Description of the genome query for

Gene families

For each ORF in the chosen genome, and for each of the ORF's matches to the database that is better or equal to the specified BLASTP cutoff e-value, a check is made to see if the hit is to a sequence other than self, but from the same genome.

Once the list of intragenomic matches for each ORF has been tabulated, the families are extended as follows.

e.g. With a dataset such as:

(A,B), (A,C), (A,F), (A,H),
(B,A), (B,C), (B,H), (B,P),
(C,A), (C,B), (C,F), (C,H), (C,P),
(D,W), (D,X),
(W,D), (W,X),
(X,D), (X,W),

the families reported would be: (A,B,C,F,H,P) and (D,W,X) even though there is no direct relationship between (A,P), or (B,F).

Finally, the mean family score is computed based on each pairwise score within the extended family.

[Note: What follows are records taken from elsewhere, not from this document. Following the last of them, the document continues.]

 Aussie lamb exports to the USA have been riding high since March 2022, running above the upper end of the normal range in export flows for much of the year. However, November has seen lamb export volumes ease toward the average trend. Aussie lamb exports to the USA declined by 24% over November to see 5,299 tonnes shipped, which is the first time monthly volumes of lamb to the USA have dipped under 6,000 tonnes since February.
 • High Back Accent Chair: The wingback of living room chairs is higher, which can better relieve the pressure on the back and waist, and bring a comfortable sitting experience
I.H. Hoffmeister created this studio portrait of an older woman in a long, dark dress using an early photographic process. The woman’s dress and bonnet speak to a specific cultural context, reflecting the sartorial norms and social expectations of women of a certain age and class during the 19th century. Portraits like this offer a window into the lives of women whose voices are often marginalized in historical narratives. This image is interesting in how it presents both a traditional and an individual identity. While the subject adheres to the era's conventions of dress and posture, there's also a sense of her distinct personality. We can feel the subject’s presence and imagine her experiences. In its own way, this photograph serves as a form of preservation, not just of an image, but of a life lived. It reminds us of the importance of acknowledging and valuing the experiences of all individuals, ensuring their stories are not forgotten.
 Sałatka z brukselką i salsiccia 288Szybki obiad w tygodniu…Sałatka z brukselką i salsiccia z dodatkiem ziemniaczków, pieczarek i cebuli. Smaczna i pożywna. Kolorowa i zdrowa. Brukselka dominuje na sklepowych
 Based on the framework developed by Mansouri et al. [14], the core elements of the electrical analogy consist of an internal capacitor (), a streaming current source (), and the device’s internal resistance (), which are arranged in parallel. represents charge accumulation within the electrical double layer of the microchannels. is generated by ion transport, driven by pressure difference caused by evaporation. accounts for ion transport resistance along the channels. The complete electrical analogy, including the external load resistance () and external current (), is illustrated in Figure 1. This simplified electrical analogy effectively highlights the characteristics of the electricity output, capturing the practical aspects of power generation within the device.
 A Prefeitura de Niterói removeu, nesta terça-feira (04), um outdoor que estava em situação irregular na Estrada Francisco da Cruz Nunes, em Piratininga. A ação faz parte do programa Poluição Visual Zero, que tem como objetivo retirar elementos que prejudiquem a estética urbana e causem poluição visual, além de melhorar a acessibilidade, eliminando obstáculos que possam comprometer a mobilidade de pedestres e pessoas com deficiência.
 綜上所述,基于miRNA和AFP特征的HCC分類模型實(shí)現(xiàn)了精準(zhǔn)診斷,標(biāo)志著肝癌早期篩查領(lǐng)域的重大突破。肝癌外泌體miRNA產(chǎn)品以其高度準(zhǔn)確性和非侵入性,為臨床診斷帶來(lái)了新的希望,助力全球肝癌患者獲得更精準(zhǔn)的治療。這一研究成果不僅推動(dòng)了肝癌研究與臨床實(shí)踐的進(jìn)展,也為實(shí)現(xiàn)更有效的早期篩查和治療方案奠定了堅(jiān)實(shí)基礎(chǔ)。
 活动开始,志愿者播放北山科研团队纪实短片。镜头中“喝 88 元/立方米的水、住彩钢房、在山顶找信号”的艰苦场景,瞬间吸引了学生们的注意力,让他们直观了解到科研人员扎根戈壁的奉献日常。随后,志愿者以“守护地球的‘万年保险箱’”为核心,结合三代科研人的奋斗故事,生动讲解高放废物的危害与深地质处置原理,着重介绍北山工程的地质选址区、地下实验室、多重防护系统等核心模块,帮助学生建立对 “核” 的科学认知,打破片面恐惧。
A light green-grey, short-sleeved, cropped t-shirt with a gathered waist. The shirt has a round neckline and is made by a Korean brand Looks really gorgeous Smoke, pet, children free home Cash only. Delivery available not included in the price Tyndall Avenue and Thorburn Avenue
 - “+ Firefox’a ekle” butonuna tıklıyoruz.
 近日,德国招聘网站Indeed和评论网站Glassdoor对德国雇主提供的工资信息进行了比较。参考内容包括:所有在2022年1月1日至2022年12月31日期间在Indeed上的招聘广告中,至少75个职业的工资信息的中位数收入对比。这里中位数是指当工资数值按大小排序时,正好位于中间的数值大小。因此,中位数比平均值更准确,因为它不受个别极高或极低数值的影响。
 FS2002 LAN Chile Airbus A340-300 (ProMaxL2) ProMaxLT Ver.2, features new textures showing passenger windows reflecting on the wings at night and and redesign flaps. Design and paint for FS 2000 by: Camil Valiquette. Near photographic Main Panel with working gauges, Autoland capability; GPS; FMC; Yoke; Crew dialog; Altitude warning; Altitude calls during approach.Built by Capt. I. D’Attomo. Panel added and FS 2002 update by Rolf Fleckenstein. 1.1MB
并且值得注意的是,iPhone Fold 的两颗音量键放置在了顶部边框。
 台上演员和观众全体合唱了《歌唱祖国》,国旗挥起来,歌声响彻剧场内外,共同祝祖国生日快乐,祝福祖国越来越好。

Note that BLASTP scores (and e-values) are not strictly commutative, i.e., the score between A and B is similar but not identical to the score between B and A. The implications of this property with respect to this query are that: i) borderline matches may be missed or included as a consequence of the order of operations in the query's tabulation process; and ii) an ORF may appear in more than one family. The latter anomaly would occur in the following situation, where the dataset is, for example:

(A,B), (A,F), (A,J),
(B,A), (B,F),
(F,A), (F,B),
(R,W),
(W,J), (W,R).

The families reported would be (A,B,F,J) and (R,W,J). ORF J is in two families since (A,J) and (W,J) are better than threshold, and since (J,A) and (J,W) are not.

Problems:

  1. Multidomain genes link the families of their constituent domains.
  2. Some non-homologous ORFs may group together based on a shared motif, if the chosen BLASTP cutoff e-value is too low.

Discussion

Gene families are important to characterize if one is interested in gene evolution, genome evolution, or phylogenetics. Redundancy following a duplication or following an acquisition from another cell permits a specialization of gene product function, and an opportunity to invent novel functions. Redundancy also buffers the cell against faults in metabolism, and otherwise permits a more versatile regulatory strategy. In genome evolution, gene families may (when the genes are still very similar in sequence) permit rearrangement of the genome by homologous recombination. Finally, the issue of orthology and paralogy is of central importance in phylogenetic analysis. Characterizing gene families helps to provide the necessary reassurance that one's phylogenies are correct.

Examples:

  1. If one selects a reasonably stringent BLASTP cutoff e-value, one can be reasonably assured of finding true homologs. Thus, for example, selecting 1.0e-15 for gene families in Escherichia coli K12 yields 470 families, including 1659 of E. coli's 4289 ORFs. Some of these families contain genes that were similarly annotated (e.g., family #1 contains three aspartokinases), whereas others contain annotated and unannotated members (e.g., family #25 has 77 ATP-binding transporter domains and two unknowns; Hypothesis: the unknowns are ABC transporter domains), or solely unannotated members (e.g., several families). Because of the consistency of annotation within gene families, it is reasonable to hypothesize a general function for many of E. coli's unknown proteins; it at least makes it simpler to identify their function in the laboratory given this hint.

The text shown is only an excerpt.